• **What is needed**: The line holding "A modern wired" is the last one to output; start at the first line of the data, keep every line in between exactly, and leave out pictures.
Input data START
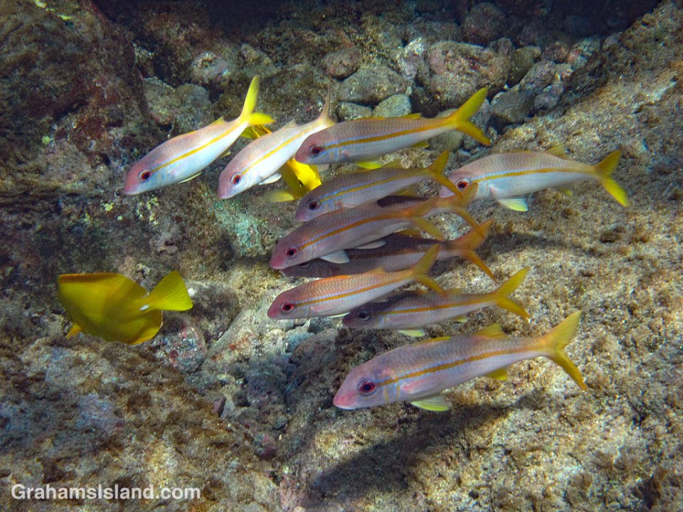 Yellowfin goatfish, like the very similar looking square-spot goatfish, are adherents to the theory that there’s safety in numbers. Younger fish, such as the ones in the photo, tend to meander around in clumps in shallow water. This group are looking suspiciously at a yellow tang.
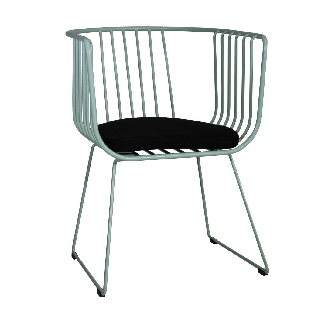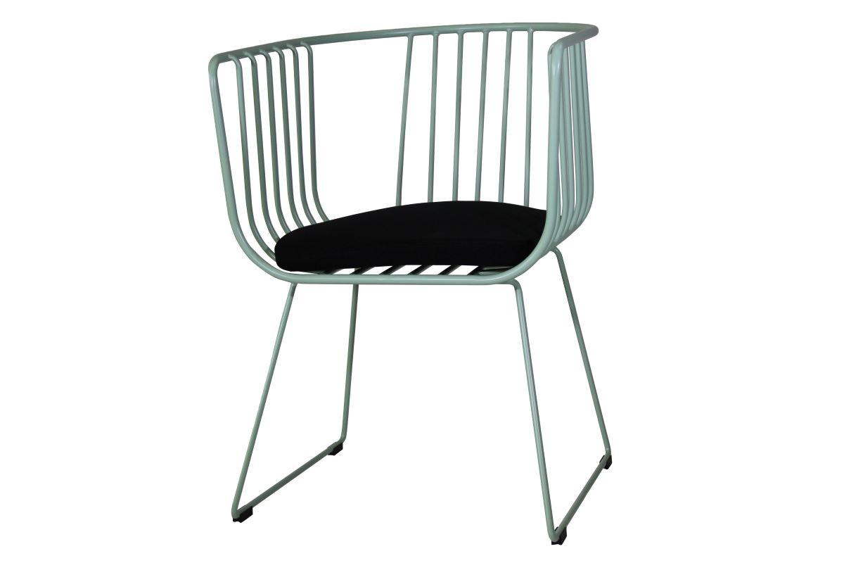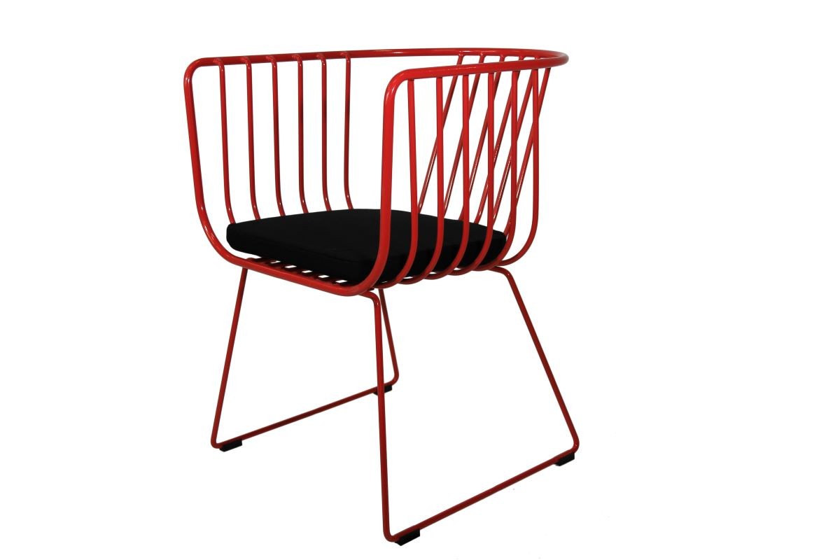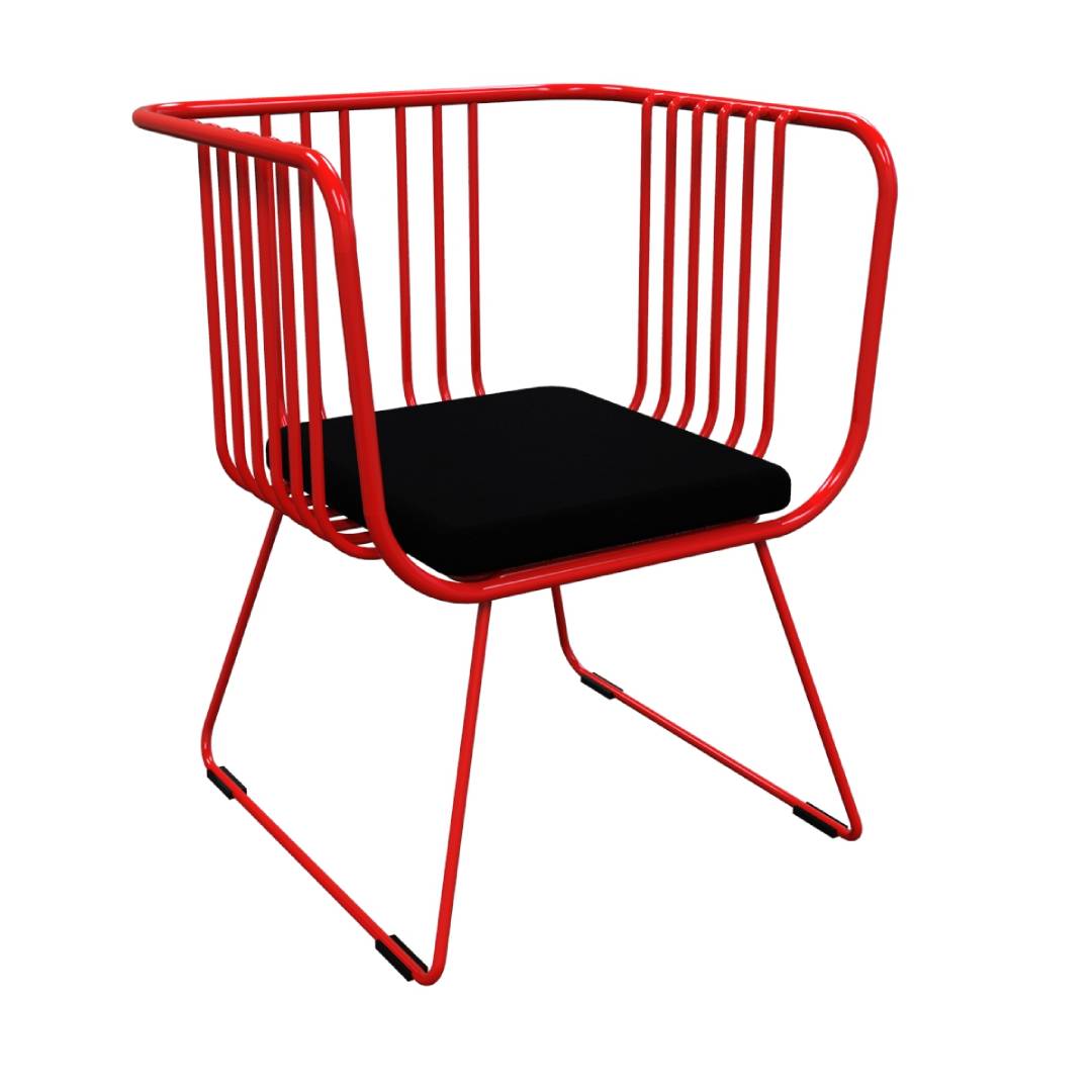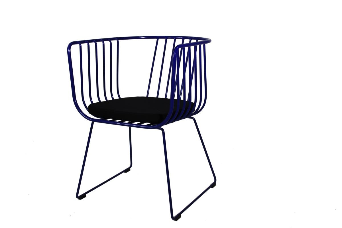 A modern wired chair with a black cushioned seat
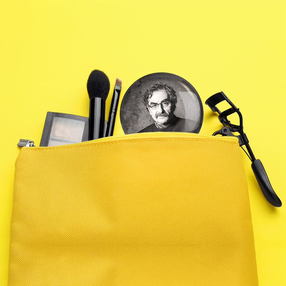 آینه های جیبی شهرام ناظری خندالو دایره ای به قطر 7.5 سانتی متر می باشد که نه خیلی بزرگ و غیر قابل استفاده در کیف آرایشی ست و نه خیلی کوچک که تصویر خاصی در آن مشاهده نشود. سایزی استاندارد و کارآمد دارد و مناسب قرار گیری در کیف لوازم آرایش و کیف های کوچک دستی نیز هست. بدنه ی آینه جیبی شهرام ناظری در قسمتی که آینه را در بر گرفته فلزی بوده و ظاهر براق و بسیار زیبایی دارد. چاپ طرح در پشت آینه بوسیله چاپگرهای دیجیتال شش رنگ با شفافیت و کیفیتی مثال زدنی انجام گرفته و با روکش لمینت حرارتی پوشیده شده که در مقابل آسیب و خط و خش مقاوم بوده و کیفیت بالایی دارد. آینه های جیبی شهرام ناظری خندالو با تنوع طرحی بسیار بالا، سلیقه هر نوع مخاطبی را تامین میکند.
Input data END
• **Response to the task**:
 Yellowfin goatfish, like the very similar looking square-spot goatfish, are adherents to the theory that there’s safety in numbers. Younger fish, such as the ones in the photo, tend to meander around in clumps in shallow water. This group are looking suspiciously at a yellow tang.
 A modern wired chair with a black cushioned seat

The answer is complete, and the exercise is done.